Alexander Belopolsky wrote:
Two recently reported issues brought into light the fact that Python language definition is closely tied to character properties maintained by the Unicode Consortium. [1,2] For example, when Python switches to Unicode 6.0.0 (planned for the upcoming 3.2 release), we will gain two additional characters that Python can use in identifiers. 
With Python 3.1:
exec('\u0CF1 = 1')
Traceback (most recent call last): File "<stdin>", line 1, in <module> File "<string>", line 1 ೱ = 1 ^ SyntaxError: invalid character in identifier
but with Python 3.2a4:
exec('\u0CF1 = 1') eval('\u0CF1')
Such changes are not new, but I agree that they should probably be highlighted in the "What's new in Python x.x".
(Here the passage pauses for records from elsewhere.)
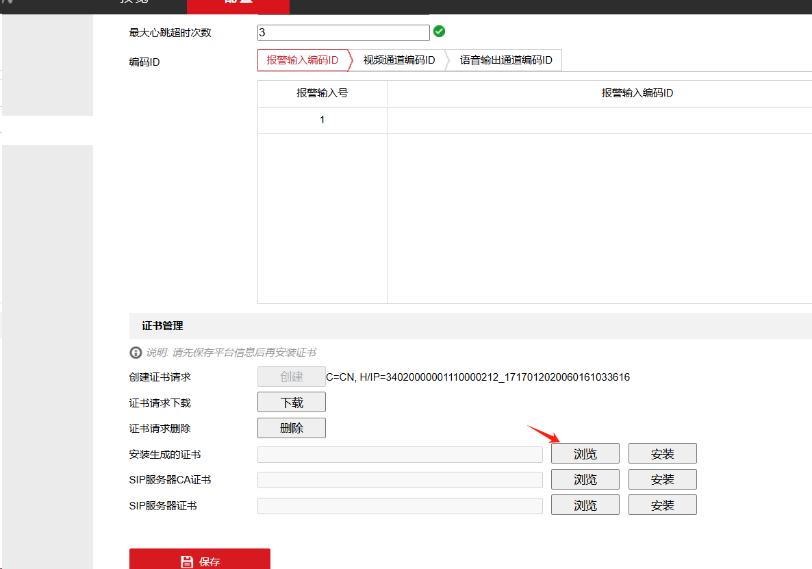 1)点击【向上级联】,将上级平台的信息填写到这里:
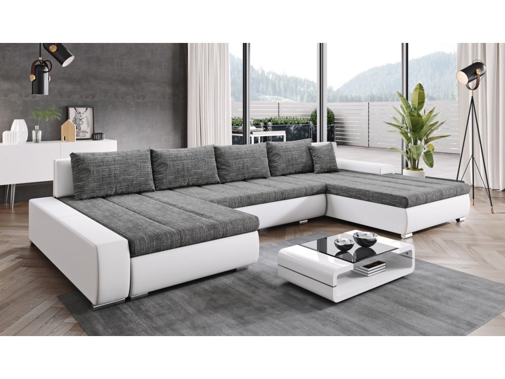 šířka: 344 cm | výška: 76 cm | hloubka: 205/162 cm Praktická prostorná celočalouněná rohová sedačka do tvaru U. Netradiční a velmi moderní vzhled. Sedačka obsahuje prostor na...
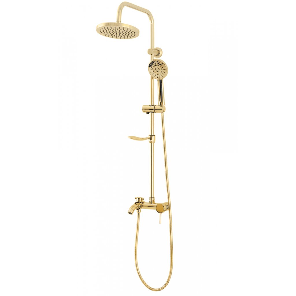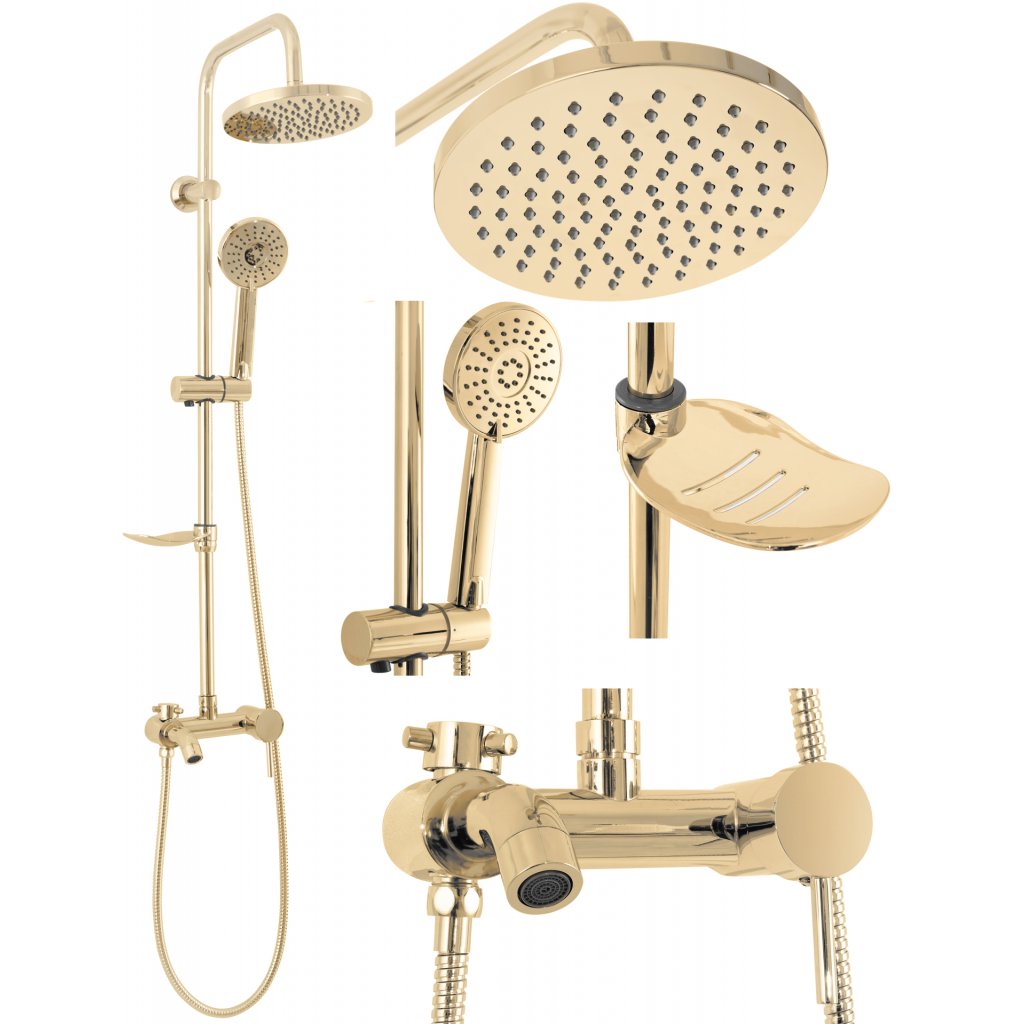 Sprchový set Luis včetně baterie - celý ve zlaté lesklé barvě. Hodí se do klasické, moderní i retro koupelny. Moderní jedinečný design a vysoká kvalita použitých materiálů zaručují dlouhou životnost a spolehlivost. Díky sprchovému setu Luis zažijete pohodlí při každodenním sprchování. Součástí je hlavová sprcha (dešťová sprcha), ruční sprcha, hadice, baterie a mýdlenka.
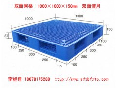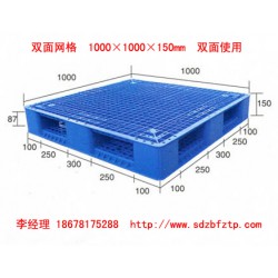 二、雙面塑料托盤:雙面塑料托盤正反兩面均可使用,分為雙面平面和雙面網(wǎng)格兩種,主要規(guī)格有1500×1300×150mm 1400×1200×150mm 1300×1100×150mm 1200×1000×150mm 1100×1100×150mm 1000×1000×150mm 等。雙面使用,四向進(jìn)叉,主要適合于機(jī)械叉車,動(dòng)載一般在1噸--2噸 靜載:4-6噸

Of course, the likelihood is low that this change will affect any user, but the change in str.isspace() reported in  is likely to cause some trouble:
That's a classical bug fix.
While we have little choice but to follow UCD in defining str.isidentifier(), I think Python can promise users more stability in what it treats as space or as a digit in its builtins.
Why should we divert from the work done by the Unicode Consortium ? After all, most of their changes are in fact bug fixes as well.
For example, I don't think that supporting
is more important than to assure users that once their program accepted some text as a number, they can assume that the text is ASCII.
Sorry, but I don't agree.
If ASCII numerals are an important aspect of an application, the application should make sure that only those numerals are used (e.g. by using a regular expression for checking).
In a Unicode world, not accepting non-Arabic numerals would be a limitation, not a feature. Besides Python has had this support since Python 1.6.